I know, Amazon ist ideal zum testen (vorallem mit den 12 x 750h) oder günstig um kurzfristige lastspitzen abzufedern, sofern man es mit der eigenen Infrastruktur kombinieren kann. Dauerbetrieb ist zu teuer, das stimmt. 

Ansonsten, richtiges serverhousing fängt dreistellig im Monat an, aber sicher nicht mit 35€.

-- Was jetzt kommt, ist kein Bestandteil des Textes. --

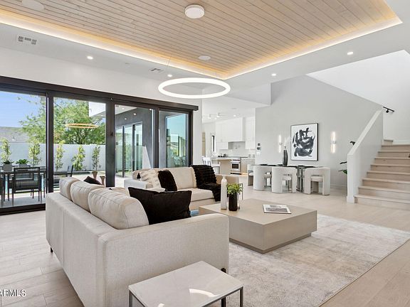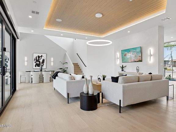 Welcome Home. This spectacular Blue Sky Home, Luxe Design, is a generous 3,883 sf, comprised of a thoughtfully designed floor plan offering 4 bedrooms, 3.5 bathrooms, plus loft. The European designed kitchen is dressed with an abundance of structured natural oak cabinetry, clean lined stone countertops, 48'' gas, double oven, Wolf range and Subzero refrigerator/freezer. The large primary suite is split from the other rooms (downstairs), and with the spa like bath, large walk in closet, and floor to ceiling glass makes for a private oasis to rest after a long day. You'll be captivated by the thoughtful architectural approach, artistic modern interior design, and amenitized features such as smart home system, wet bar, fireplaces in primary and family rooms, abundant storage, 3 car garage, 220v for EV charging install, and epoxied floor. The location and home are designed for a lifestyle conscious owner. For the adventurer you gain direct access to trail run, hike, or mountain bike the Phoenix Preserve or Piestewa Peak. Enjoy bike rides to the Farmers Market, walks to Uptowns iconic restaurants such as Luci's, Richardsons, and the Rokerji, or a quick 10 minute drive to downtown Phoenix for convenient airport access, concerts, sporting events, Phoenix Art Museum, or a 3 minutes joint to access the highway for a day trip north to Sedona to beat the heat.
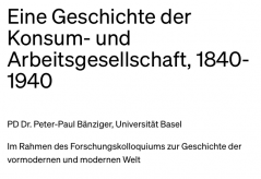 PD Dr. Peter-Paul Bänziger von der Uni Basel nähert sich im Rahmen des Forschungskolloquiums der Geschichte der vormodernen und modernen Welt an der Universität Luzern der Thematik historisch an und referiert am 11. Mai über die "Geschichte der Konsum- und Arbeitsgesellschaft, 1840-1940".
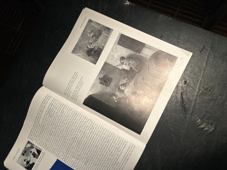 - "The book page displays two black and white images, one labeled "Agitated Picasso, Sketch for Science and Charity, 1897," and the other, "Junior Picasso, Science and Charity, 1897" by FM-JqEJc2, licensed under CC BY 4.0
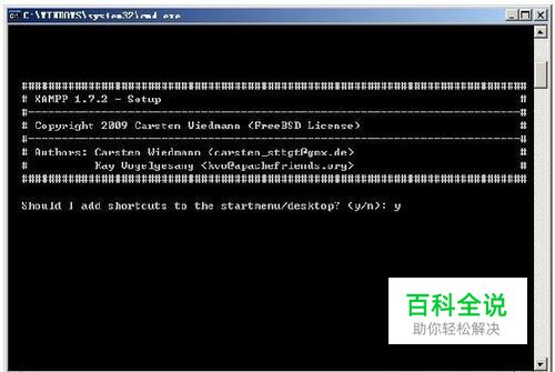 接下来问我们是否定位xampp的正确路径,晕太快跑过去了,没抓到图,大概就是Should I locate the xampp path correctly这个样子,选择y并回车。
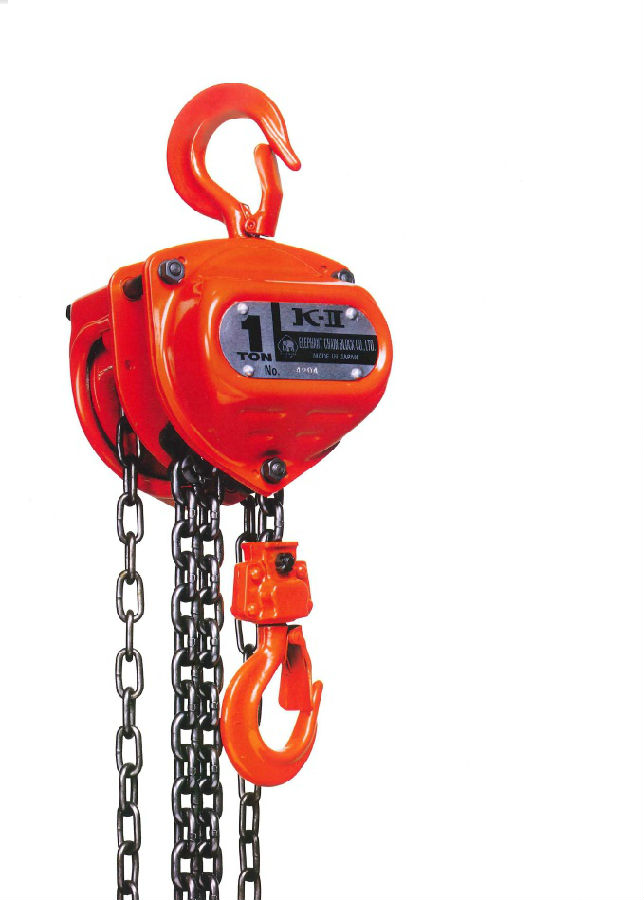 象牌K-II手拉葫蘆以適應(yīng)時(shí)代的需要,技術(shù)的概念!象印自己的四個(gè)定位銷結(jié)構(gòu) 、強(qiáng)大的起重鏈條斷裂應(yīng)力900MPa左右、 靜電粉末噴涂整體。車(chē)身框架 軸承結(jié)構(gòu)及高精度齒輪、 導(dǎo)鏈有效阻擋異物的侵入、機(jī)械制動(dòng)可靠、防御雨水,灰塵在雙封面、鎖存器支架和追求安全性和可操作性的上下掛鉤、鏈螺栓通知的界限取降。
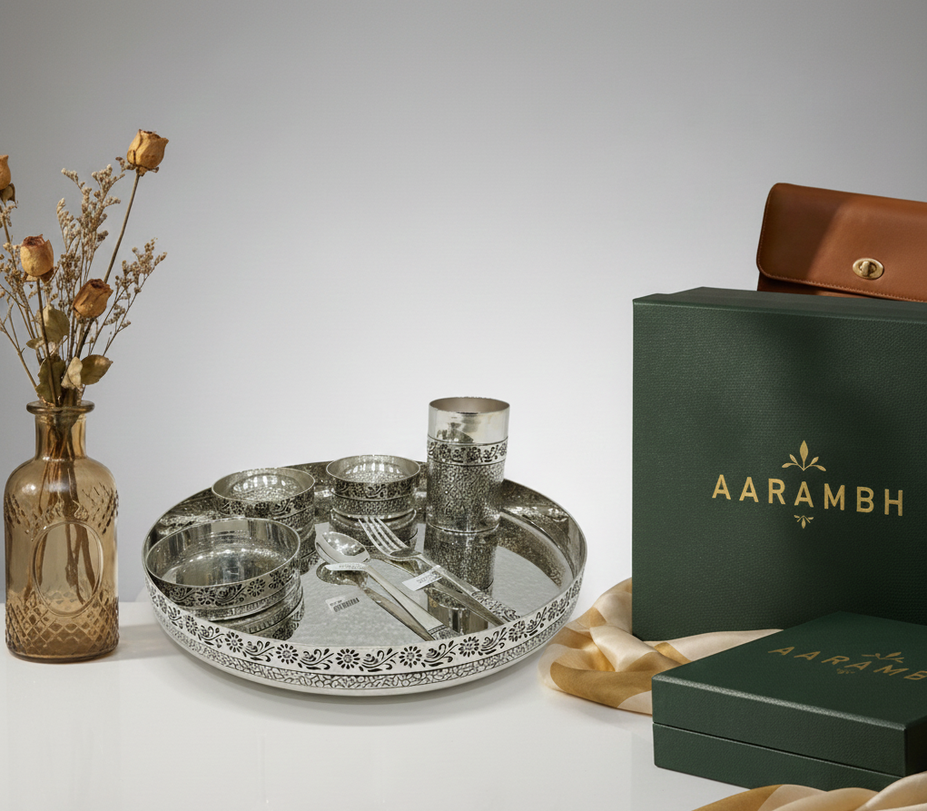 Crafted from premium-quality silver, this elegant glass and tray set features a timeless design, a smooth refined finish, and is perfect for daily use, festive rituals, and thoughtful gifting.
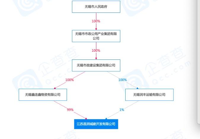 工商登记信息显示,江苏昌润城建开发有限公司于2006年成立,注册资本5000万,主营范围为市政工程、环保工程、水利工程、园林绿化的施工等。其股权结构图如下:
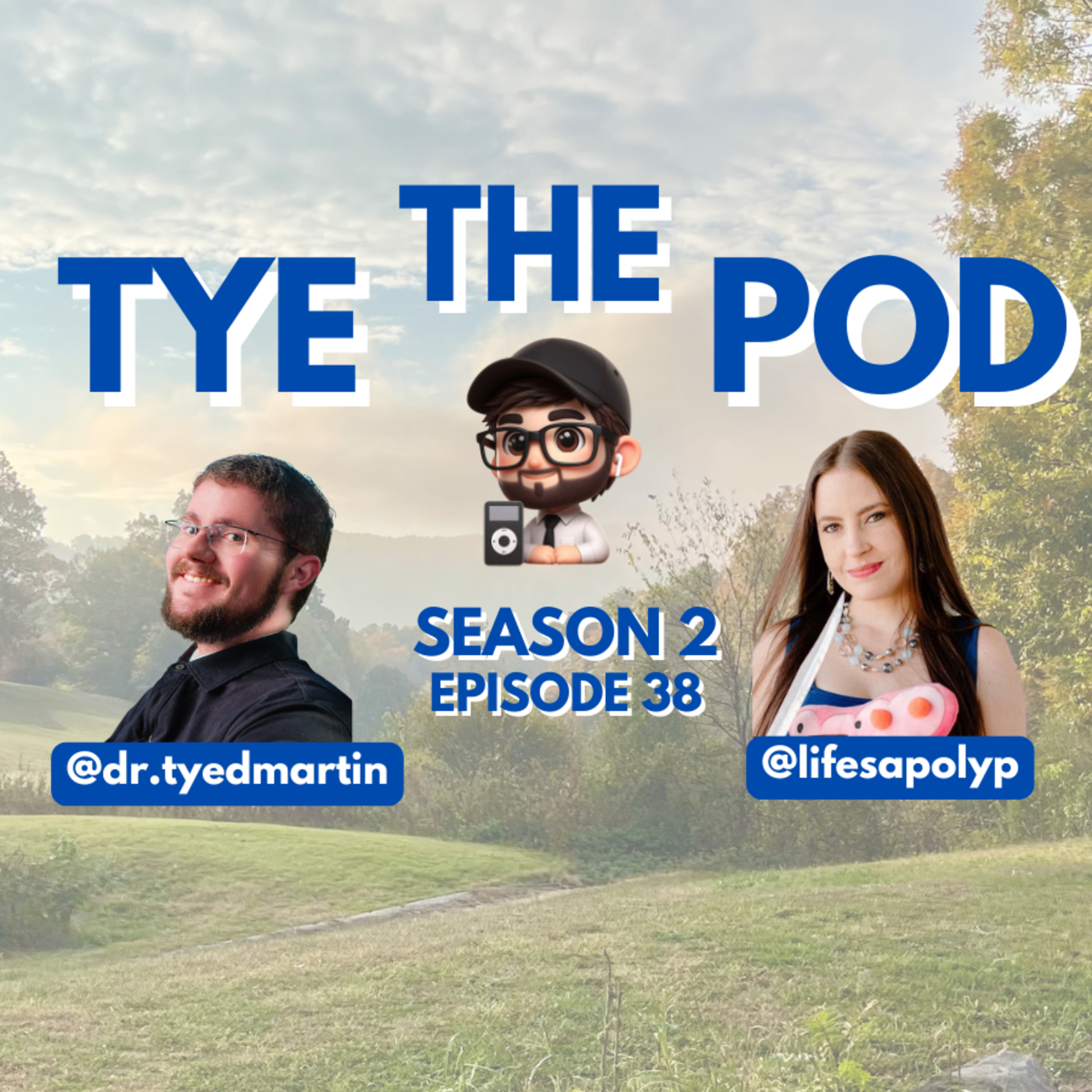 A podcast promo graphic with a scenic park background at sunset. The title reads: “THE TYE POD” in bold blue and white letters, with a cartoon podcaster icon wearing a black cap in the center. Below it says “Season 2 Episode 38.” On the left is a smiling man with glasses and a beard labeled “@dr.tyedmartin.” On the right is a woman with long brown hair wearing a dark top and holding a stuffed intestine plush, labeled “@lifesapolyp.”
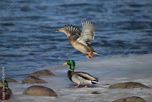 © Peter, Obraz premium ducks on the water, winter river, Mallard, take up
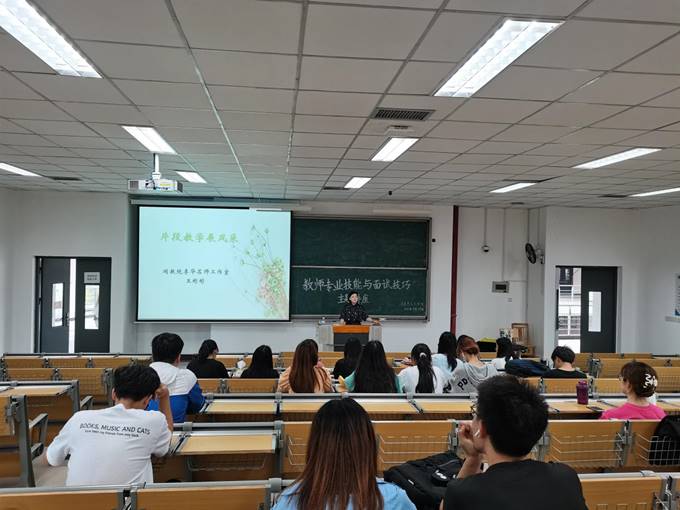 王彬彬在“教师专业技能与面试技巧”主题讲座中向同学们播放了多位教师的片段教学视频,通过阐述片段教学的特征向员工教授面试技巧。她讲到,关于片段教学,导入设计要有生活有新意;问答设计要有层次有话说;情境设计要有针对有展开。
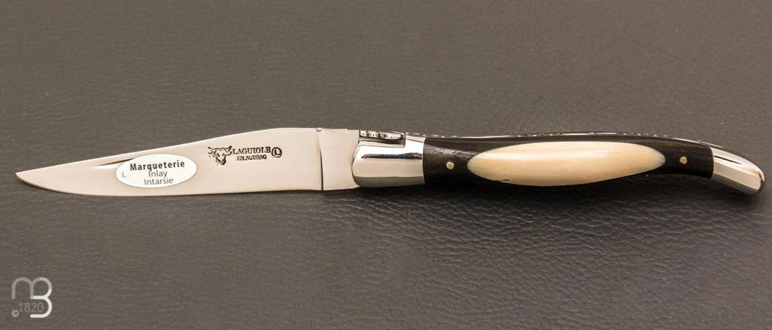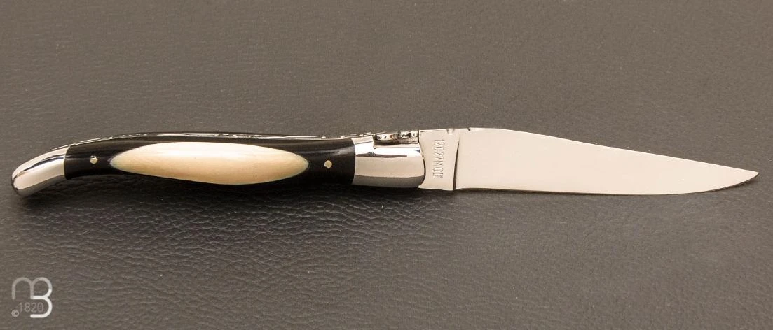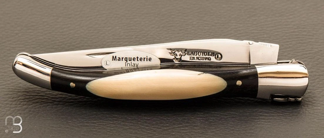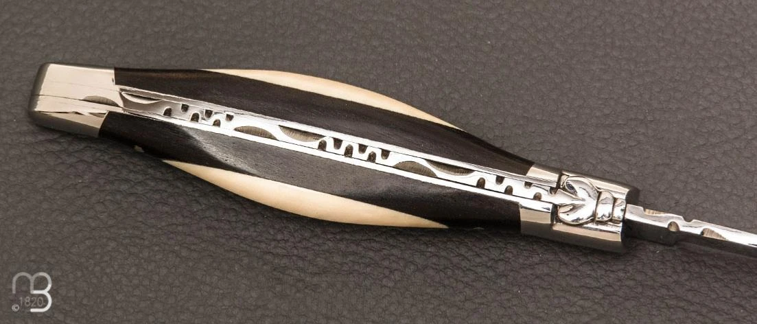 Ce manche est composé de plaquettes en ébène, avec un insert en ivoire mammouth.
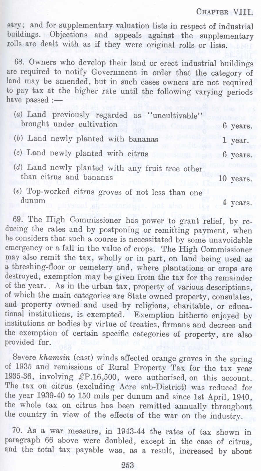 69. The High Commissioner has power to grant relief, by reducing the rates and by postponing or remitting payment, when he considers that such a course is necessitated by some unavoidable emergency or a fall in the value of crops. The High Commissioner may also remit the tax, wholly or in part, on land being used as a threshing-floor or cemetery and, where plantations or crops are destroyed, exemption may be given from the tax for the remainder of the year. As in the urban tax, property of various descriptions, of which the main categories are State owned property, consulates, and property owned and used by religious, charitable, or educational institutions, is exempted. Exemption hitherto enjoyed by institutions or bodies by virtue of treaties, firm ans and decrees and the exemption of certain specific categories of property, are also provided for.
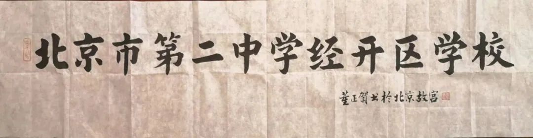 北京市第二中学经开区学校的校名由故宫博物院著名书法家董正贺题写。校徽
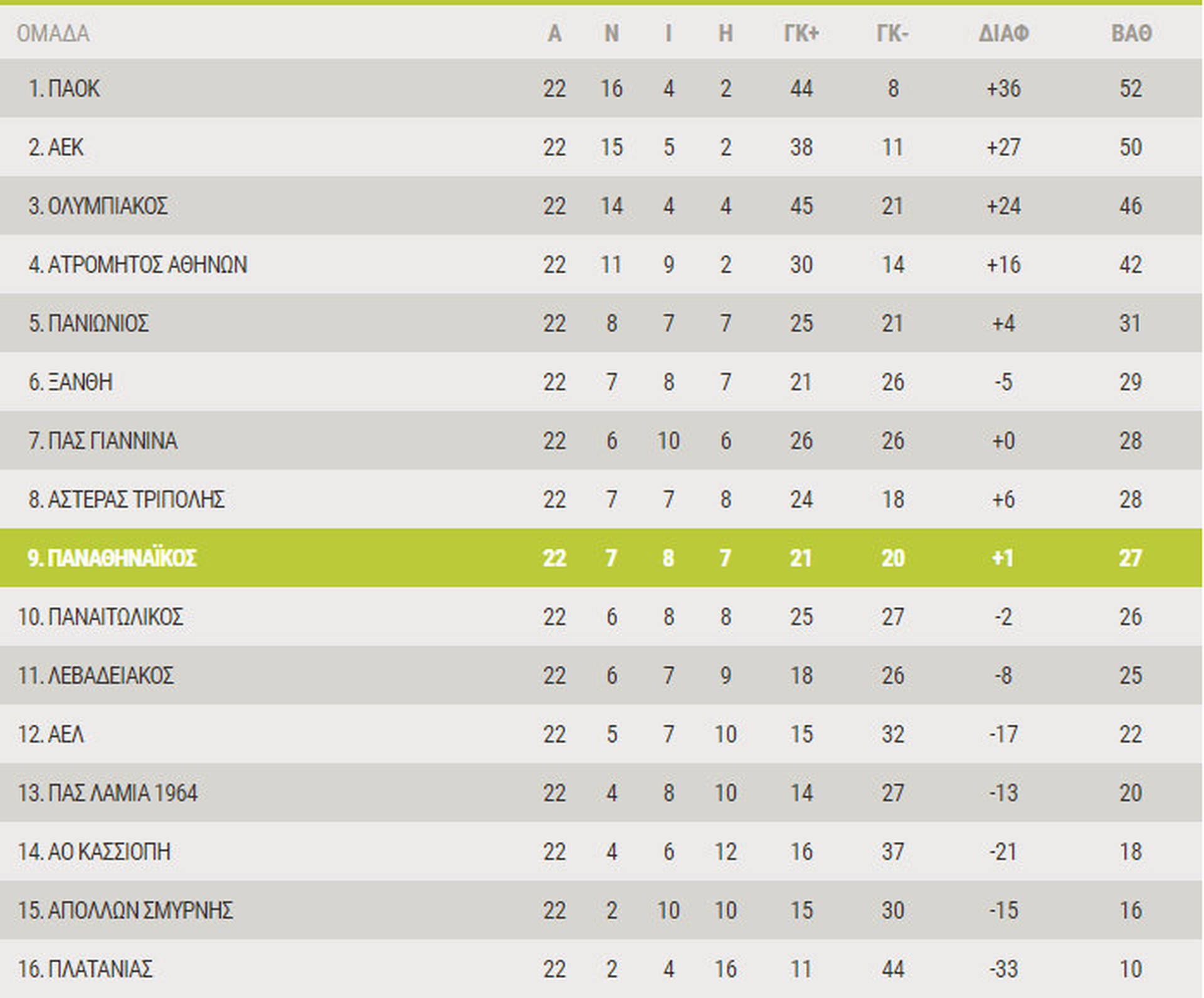 Οι πράσινοι έχουν σταματήσει να ανανεώνουν τη βαθμολογία μετά την 22η αγωνιστική...
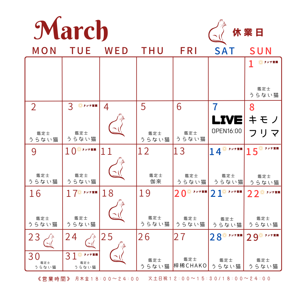 21日(土)通常営業(鑑定士うらない猫)
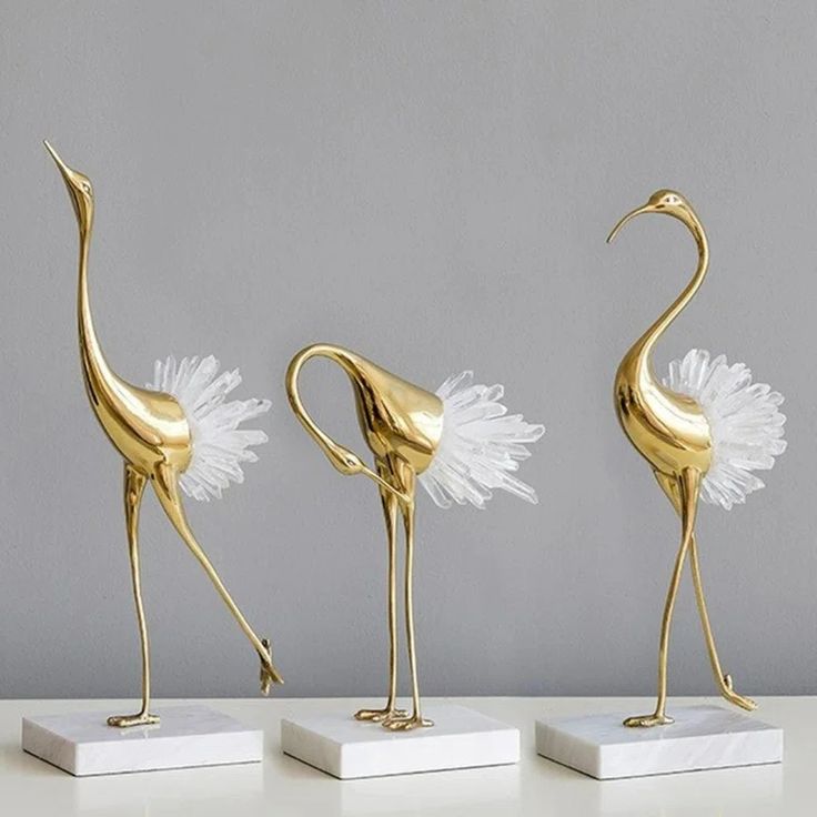 A trio of elegant, long-necked heron figurines finished in polished gold. Each bird is uniquely posed on a white marble pedestal and features a dramatic, spiked clear crystal cluster as its tail plumage.
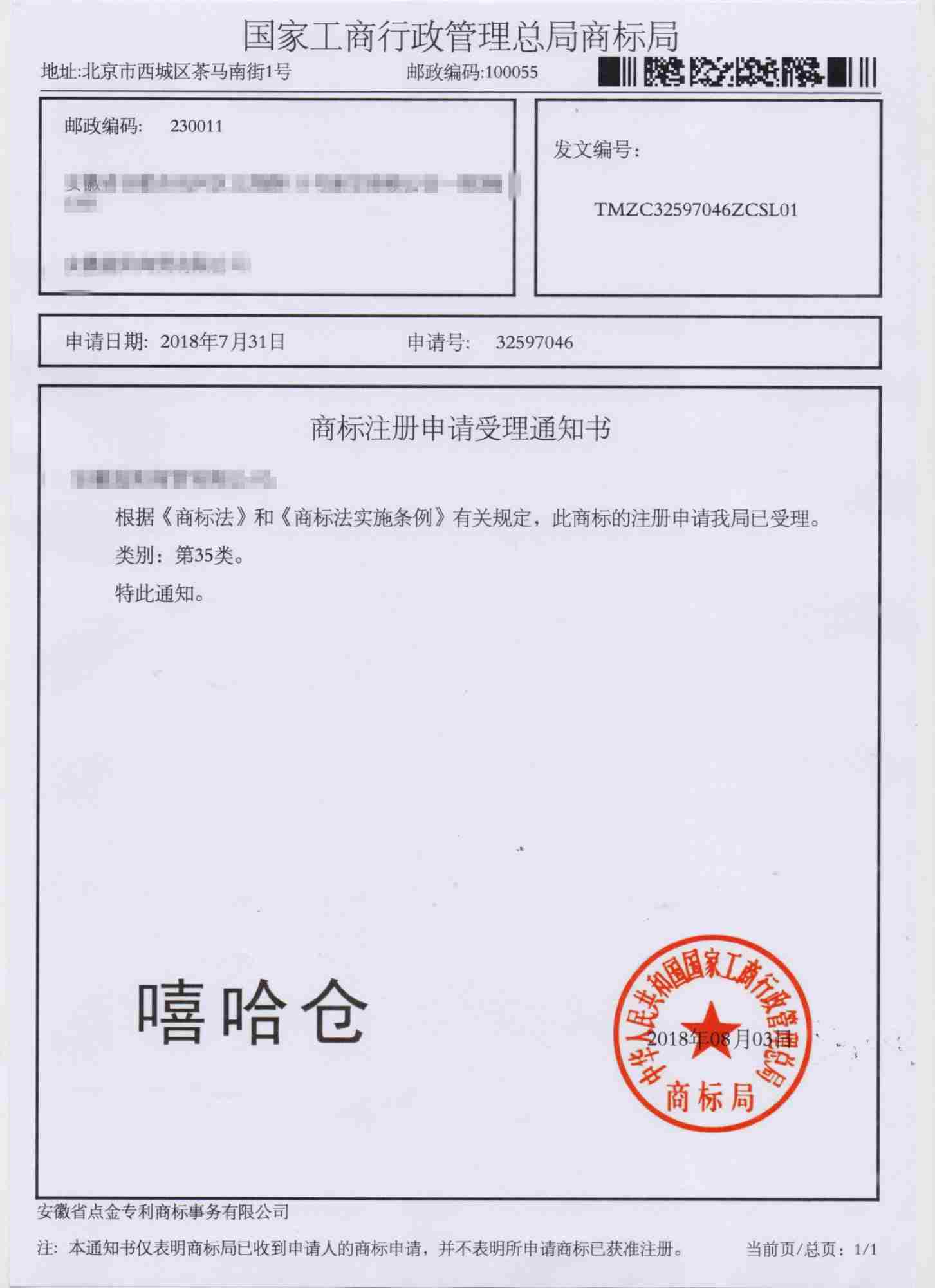 第35类“嘻哈仓”商标受理通知书
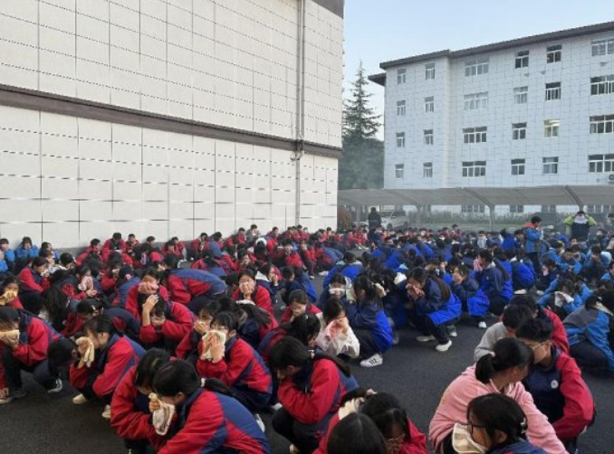 18时00分,伴随着烟雾弹的滚滚浓烟和急切的警报声,应急广播响起:“全体住校生请注意!现在是火灾警报。请大家不要慌乱,听从指挥,请迅速捂上湿毛巾,在寝室长的带领下有序撤离……”住校生们忙而不乱,用湿毛巾捂口鼻,弯腰,抱头,迅速、有序撤离。

Gesendet von meinem Nexus 7 mit Tapatalk 2


----------



## Empire Phoenix (21. Okt 2012)

Hm doch hab nen 2he root in frankfurt stehen für 44€ (aufpreis weil nicht 1 HE) hat 1tb traffic und 100watt dauerleistung inklusive.


----------



## darekkay (22. Okt 2012)

Ist Java/Tomcat nun nutzbar, obwohl die FAQ dies verneint? Für den Preis wär das ziemlich unschlagbar..


----------



## tuxedo (23. Okt 2012)

Ja, ist nutzbar. Aber du musst wohl deinen eigenen TomCat laufen lassen und diesen ggf. auf einen nicht Standard-Port konfigurieren. Denn du bist ja nicht alleine auf der Hardware. Den Port musst du dann über den Support in der Firewall freischalten lassen. Genauso verhält es sich mit anderen (Java-)Anwendungen welche einen eigenen Socketserver stellen.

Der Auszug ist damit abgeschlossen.